WHAT TO DO:
All that is wanted is the exact lines from the one with "LOT: 44163265 VIN: 3C4PDCAB2GT187503" through the last line of the entries, with both ends kept and every picture left out.
□ □ □ □
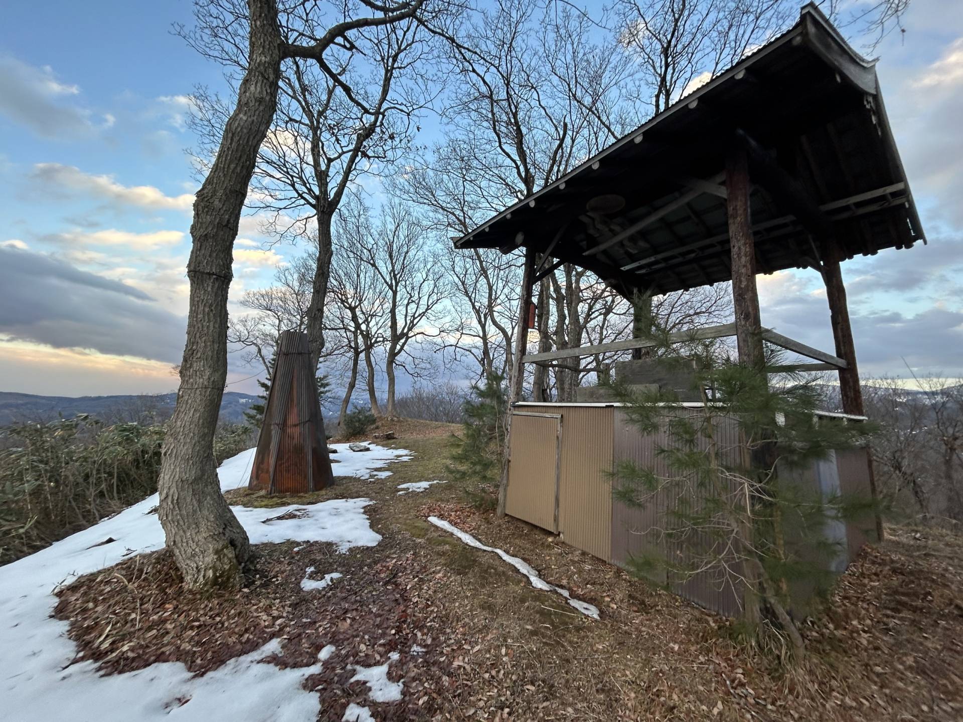 山頂には細長い曲輪が段々になって展開されており、東屋と狼煙台のレプリカ、石碑が建てられています。
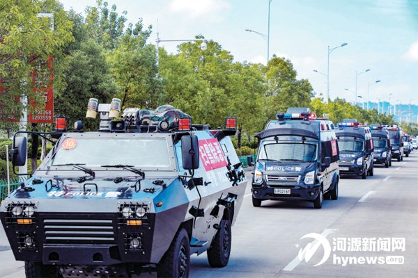 在市及源城区的武装大巡游活动现场,由32台各类警车组成的公安武装巡游方队从老城中山公园出发,经珠河桥、文化广场、沿江西路、新河大道、205国道、河源大道、迎客大桥、东环路、胜利大桥、东江首府南门线路巡游。同时,由200名干警、100名机关干部、100名志愿者共400人组成的徒步巡游方队从源城区中山公园出发,沿珠河桥、沿江路、市会议中心路线巡游。巡游展示了河源警方的昂扬斗志和威武风采,展示扫黑除恶工作队伍团结一致、众志成城的良好形象,以及向全市人民表达扫黑除恶专项斗争必胜的信心和决心。
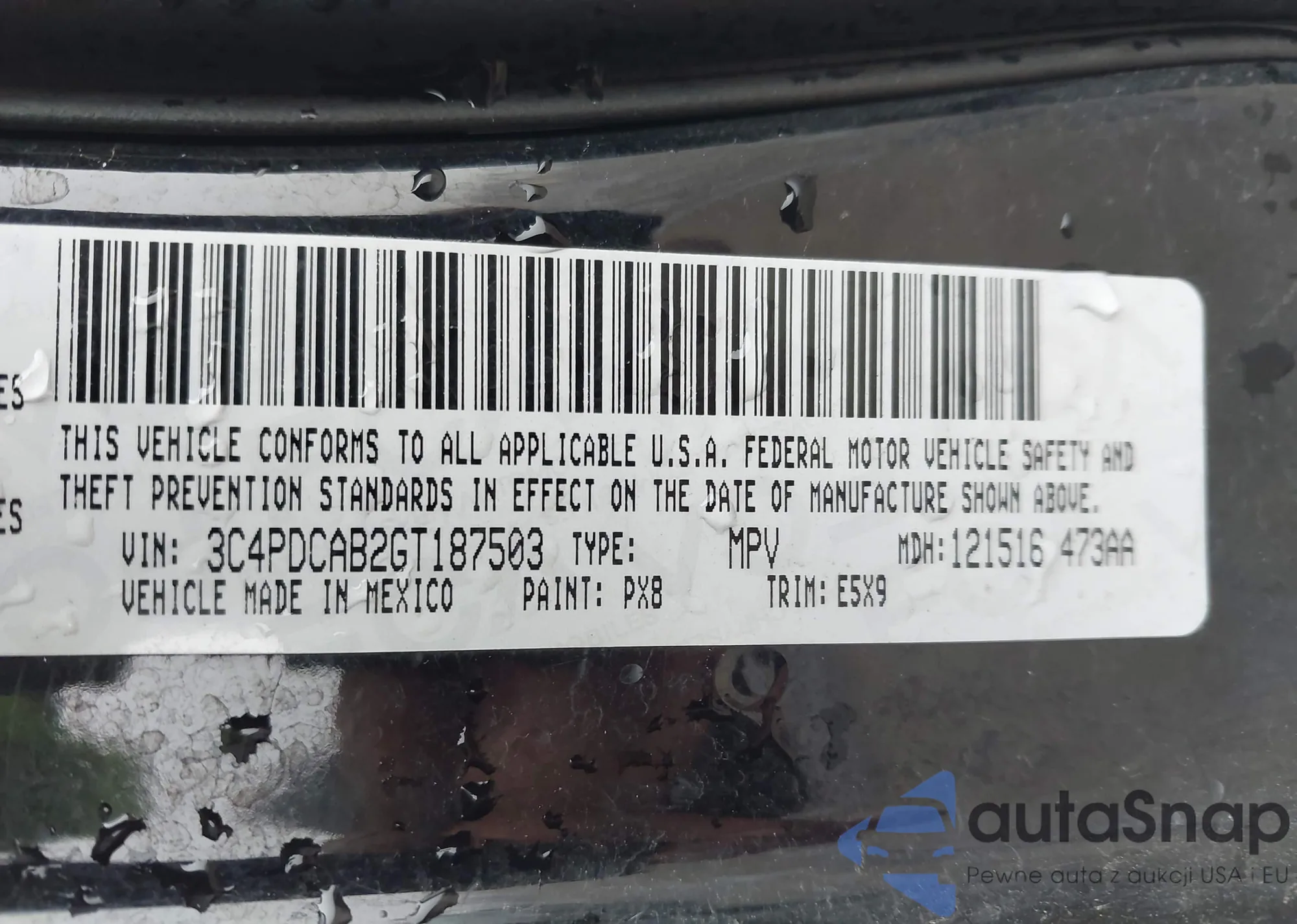 LOT: 44163265 VIN: 3C4PDCAB2GT187503
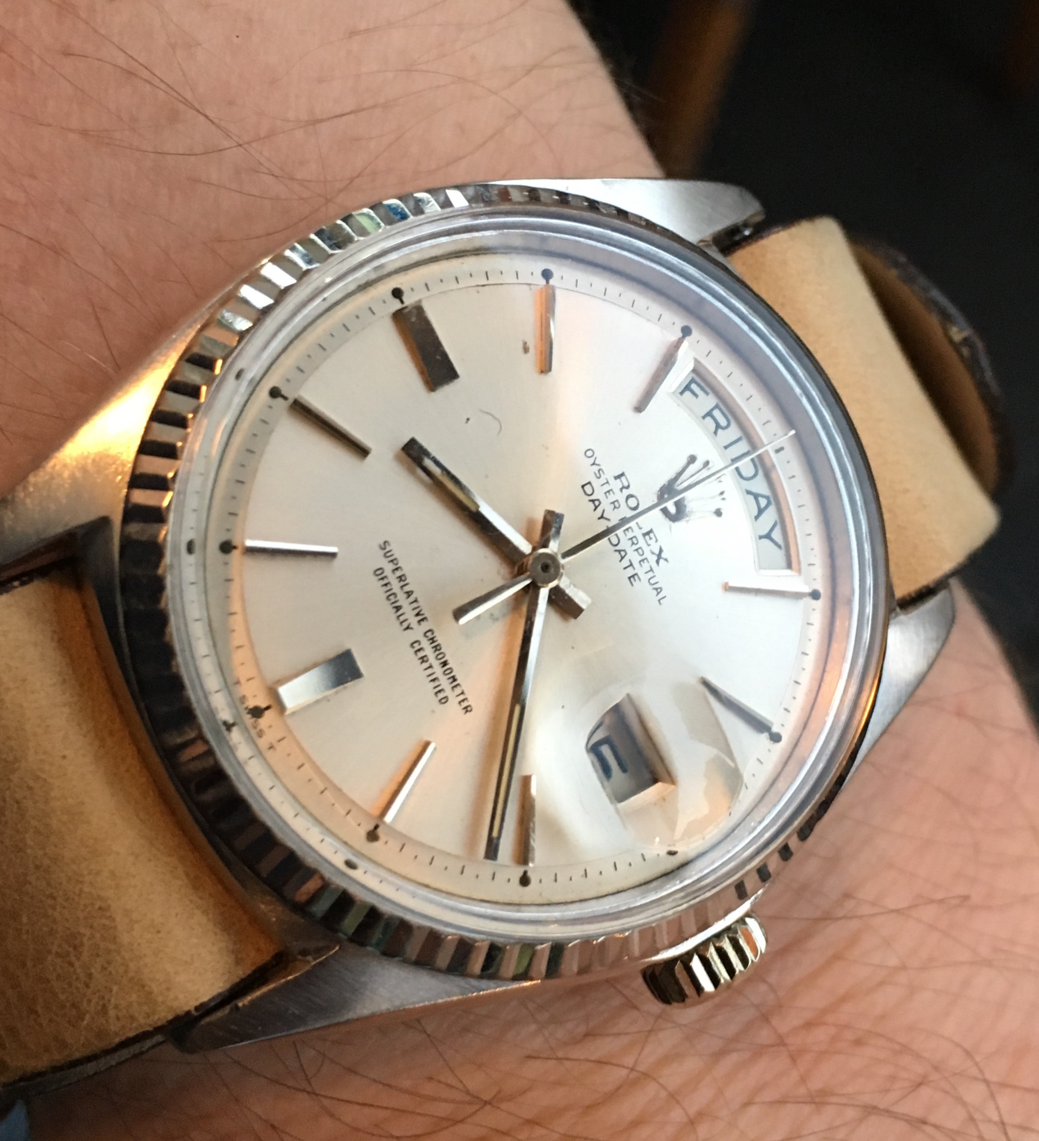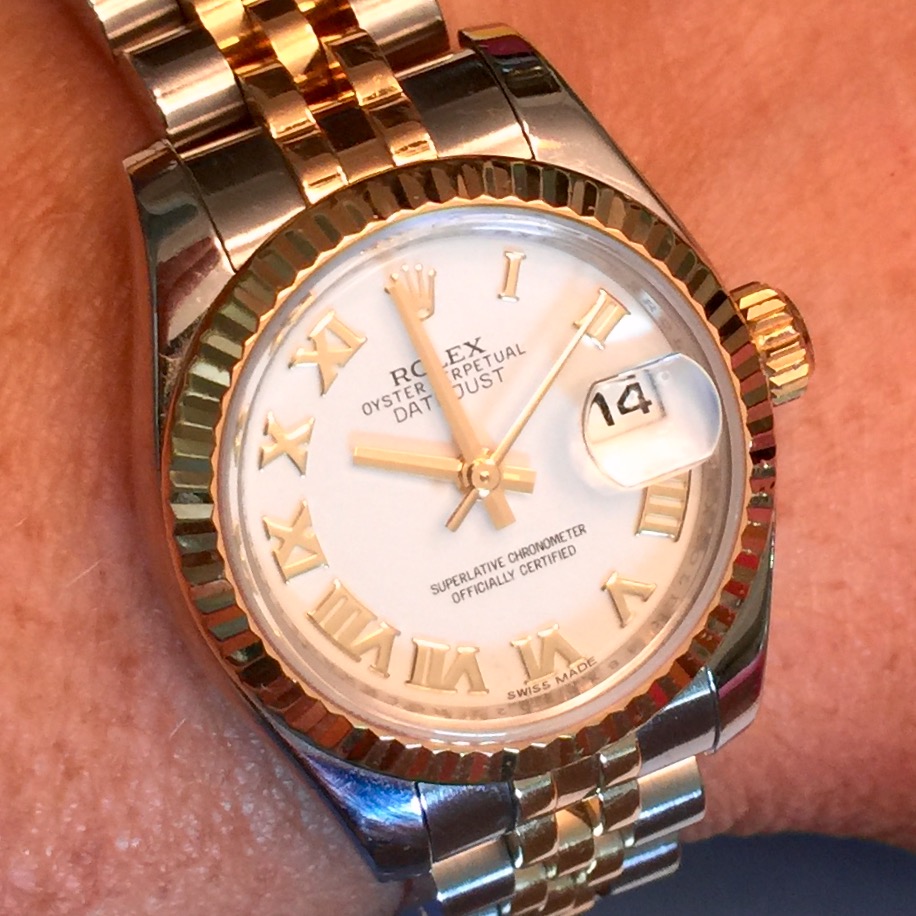 For today, my beloved wife (MacGyverette) is wearing her Rolex which just came back from servicing due to a broken rotor axel...
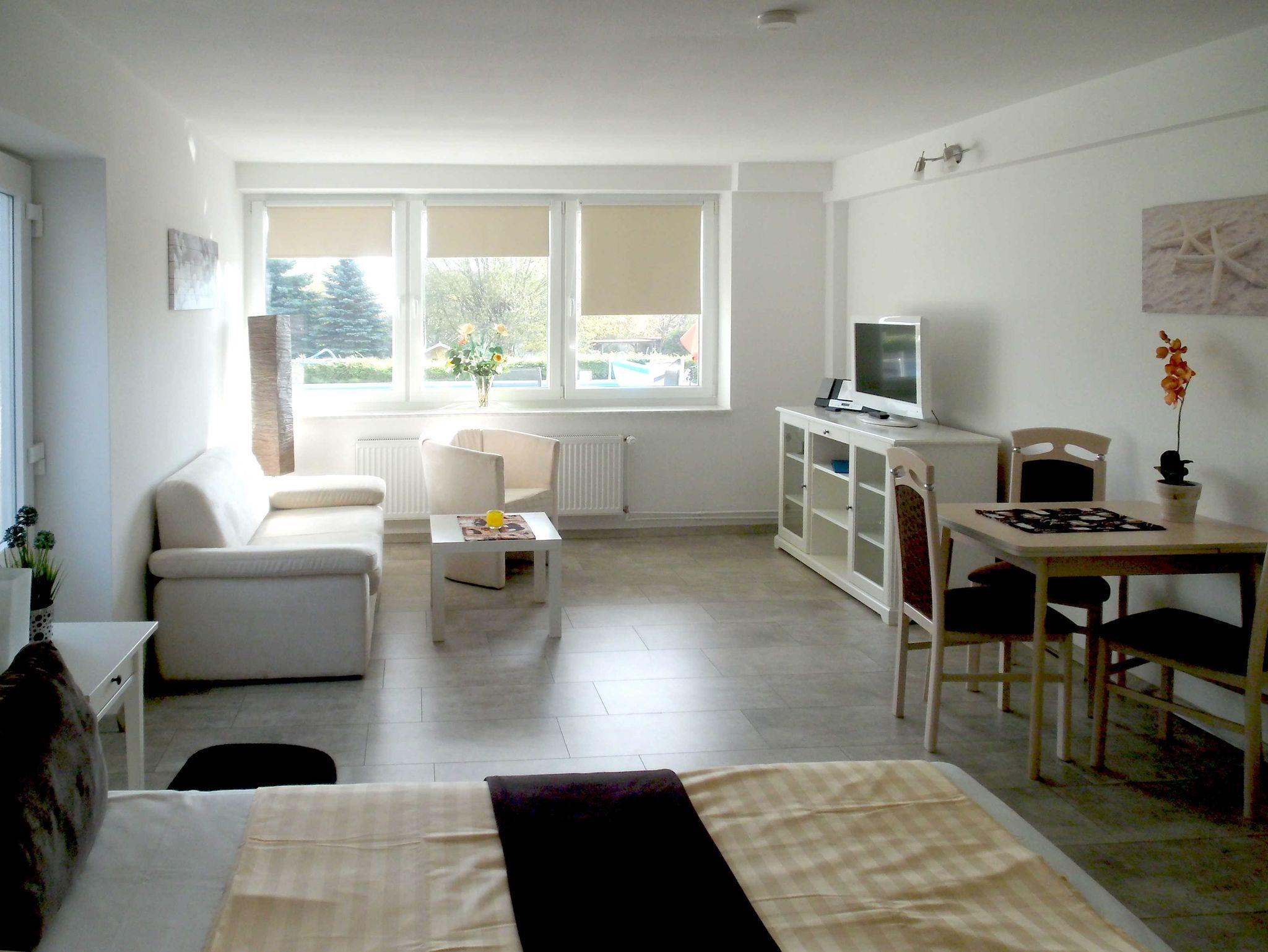 VV 13: EG, ca. 33 m², komb. Wohn-/Schlafzimmer, 2 Box-Spring-Betten und 1 Schlafcouch, Duschbad, separate Küche, große Terrasse direkt am Pool.
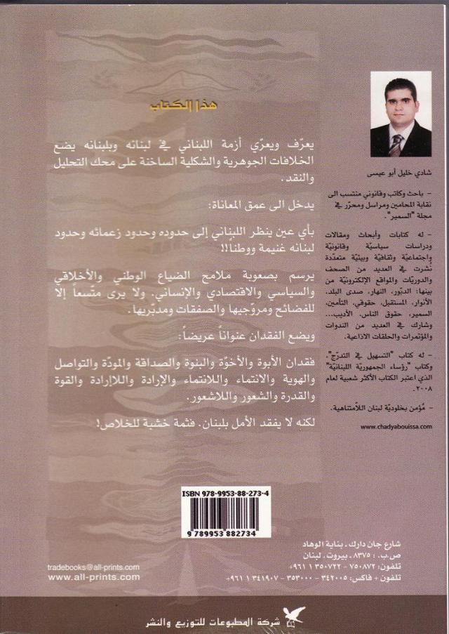 صدر كتاب “ الولايات غير المتحدة اللبنانية " للمحامي والكاتب شادي خليل أبو عيسى، ضمن إصدارات شركة المطبوعات للتوزيع والنشر في العاصمة العالمية للكتاب بيروت 2009. وهو يقع في 408 صفحة من الحجم الكبير، حيث يشمل أقسام متعددة ومتشعبة تتصدرهما مقدمتان، الأولى للشاعر والفيلسوف روبير غانم، الذي ركز على أهمية الكتاب من كافة النواحي السياسية والاجتماعية والفكرية والثقافية والانسانية، والثانية بقلم المؤلِّف؛ ثم أجزاء عدّة وقوائم توثق المصادر والمراجع والمصطلحات والمحتويات.
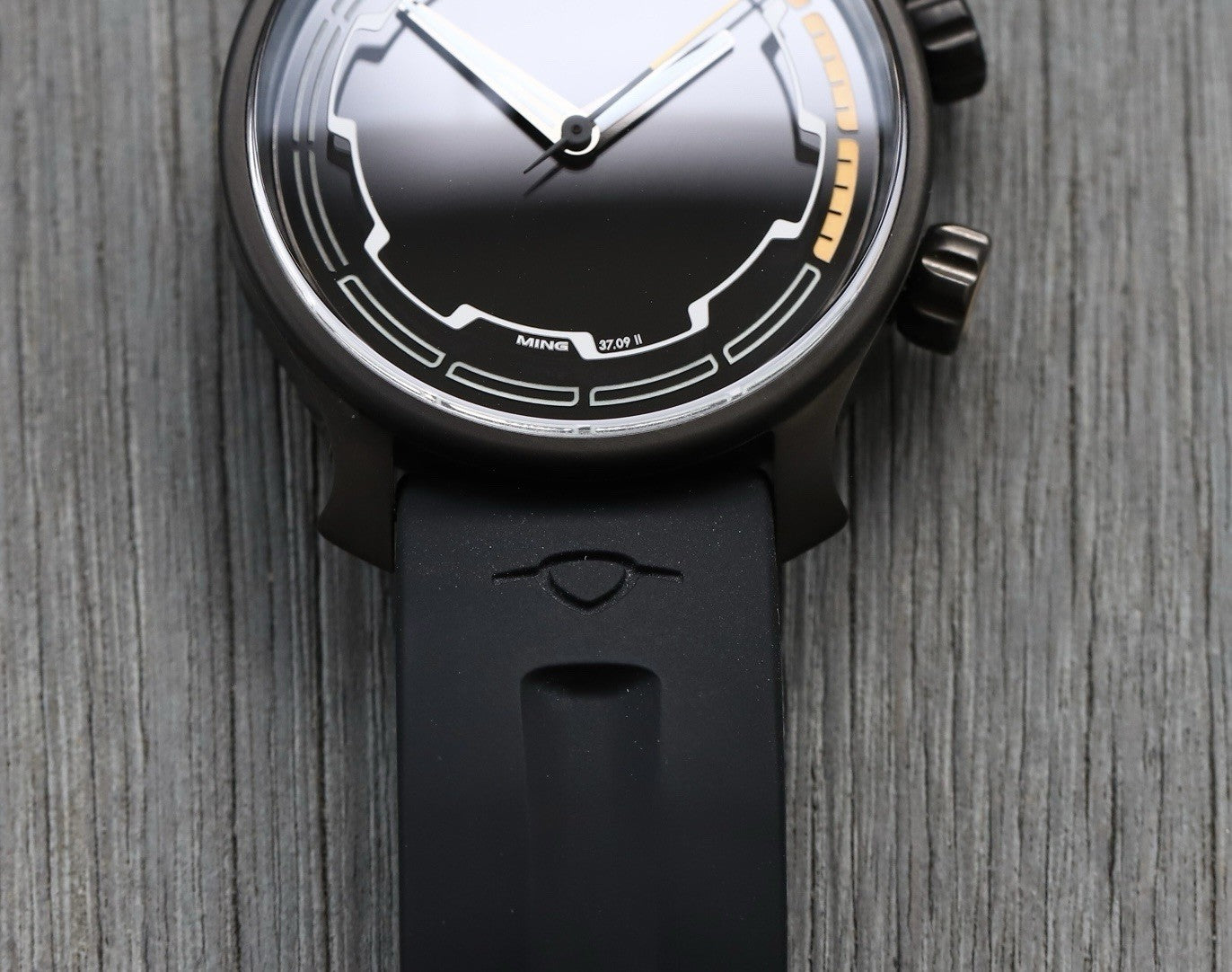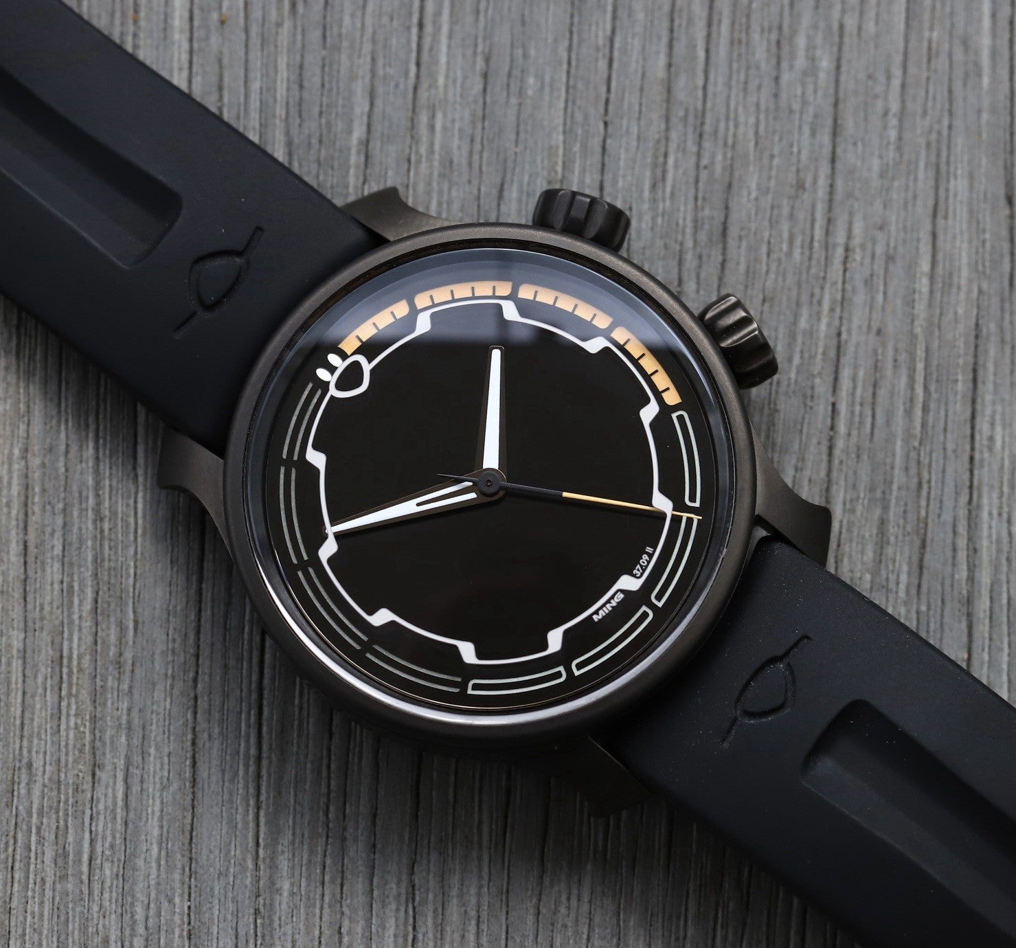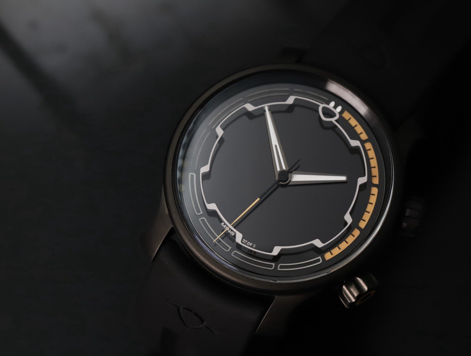 The dial and crystal are pretty spectacular, as you'd expect of Ming. The hour indices are actually on the inside of the crystal, and the effect this gives when viewed on an angle is very cool indeed. It's brimmed with lume, and the orange against black is the perfect colour combo for a darth spec watch like this.
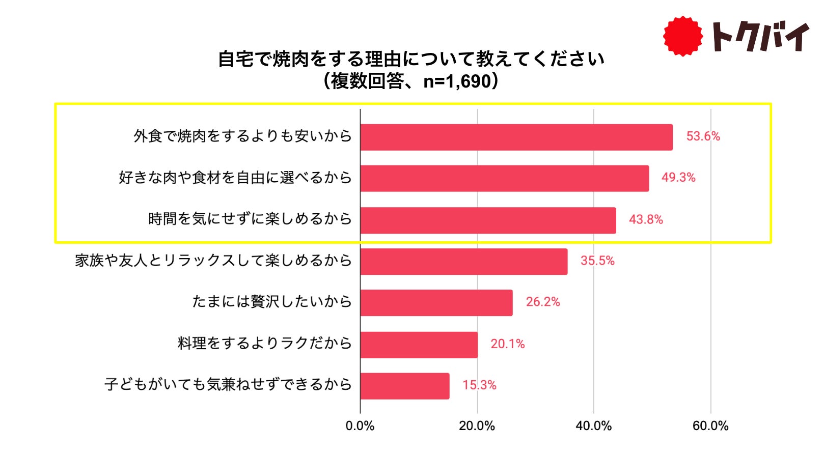 普段の自宅での焼肉の実施状況をたずねたところ、全体の約65%が「自宅で焼肉をする」と回答。そのうち3割以上が月に1回以上の頻度で実施していることがわかりました。自宅で焼肉をする理由として多かったのは、「外食で焼肉をするよりも安いから」53.6%、次いで「好きな肉や食材を自由に選べるから」49.3%、「時間を気にせず楽しめるから」43.8%と、コスパや自由度の高さが上位にあがりました。
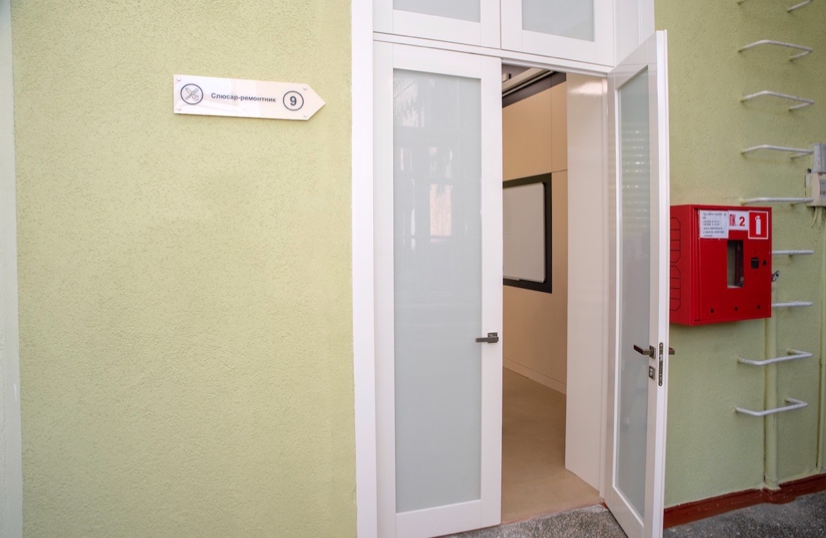 До початку нового навчального року за фінансової підтримки Азовсталі в Маріупольському центрі професійно-технічної освіти відкрили оновлений кабінет слюсарної справи площею 68 кв. м. Тут замінили електропроводку й систему опалення, постелили нове покриття для підлоги, стіни вирівняли та пофарбували, встановили новий дверний блок, підвісну стелю і сучасні енергозберігаючі світильники. Відновили повністю меблі – парти, стільці, вбудовані шафи та дошку. Закупили нову техніку – ноутбук, принтер, проєктор і кондиціонер.
□ □ □ □
ANSWER TO THIS EXERCISE:
 LOT: 44163265 VIN: 3C4PDCAB2GT187503
 For today, my beloved wife (MacGyverette) is wearing her Rolex which just came back from servicing due to a broken rotor axel...
 VV 13: EG, ca. 33 m², komb. Wohn-/Schlafzimmer, 2 Box-Spring-Betten und 1 Schlafcouch, Duschbad, separate Küche, große Terrasse direkt am Pool.
 صدر كتاب “ الولايات غير المتحدة اللبنانية " للمحامي والكاتب شادي خليل أبو عيسى، ضمن إصدارات شركة المطبوعات للتوزيع والنشر في العاصمة العالمية للكتاب بيروت 2009. وهو يقع في 408 صفحة من الحجم الكبير، حيث يشمل أقسام متعددة ومتشعبة تتصدرهما مقدمتان، الأولى للشاعر والفيلسوف روبير غانم، الذي ركز على أهمية الكتاب من كافة النواحي السياسية والاجتماعية والفكرية والثقافية والانسانية، والثانية بقلم المؤلِّف؛ ثم أجزاء عدّة وقوائم توثق المصادر والمراجع والمصطلحات والمحتويات.
 The dial and crystal are pretty spectacular, as you'd expect of Ming. The hour indices are actually on the inside of the crystal, and the effect this gives when viewed on an angle is very cool indeed. It's brimmed with lume, and the orange against black is the perfect colour combo for a darth spec watch like this.
 普段の自宅での焼肉の実施状況をたずねたところ、全体の約65%が「自宅で焼肉をする」と回答。そのうち3割以上が月に1回以上の頻度で実施していることがわかりました。自宅で焼肉をする理由として多かったのは、「外食で焼肉をするよりも安いから」53.6%、次いで「好きな肉や食材を自由に選べるから」49.3%、「時間を気にせず楽しめるから」43.8%と、コスパや自由度の高さが上位にあがりました。
 До початку нового навчального року за фінансової підтримки Азовсталі в Маріупольському центрі професійно-технічної освіти відкрили оновлений кабінет слюсарної справи площею 68 кв. м. Тут замінили електропроводку й систему опалення, постелили нове покриття для підлоги, стіни вирівняли та пофарбували, встановили новий дверний блок, підвісну стелю і сучасні енергозберігаючі світильники. Відновили повністю меблі – парти, стільці, вбудовані шафи та дошку. Закупили нову техніку – ноутбук, принтер, проєктор і кондиціонер.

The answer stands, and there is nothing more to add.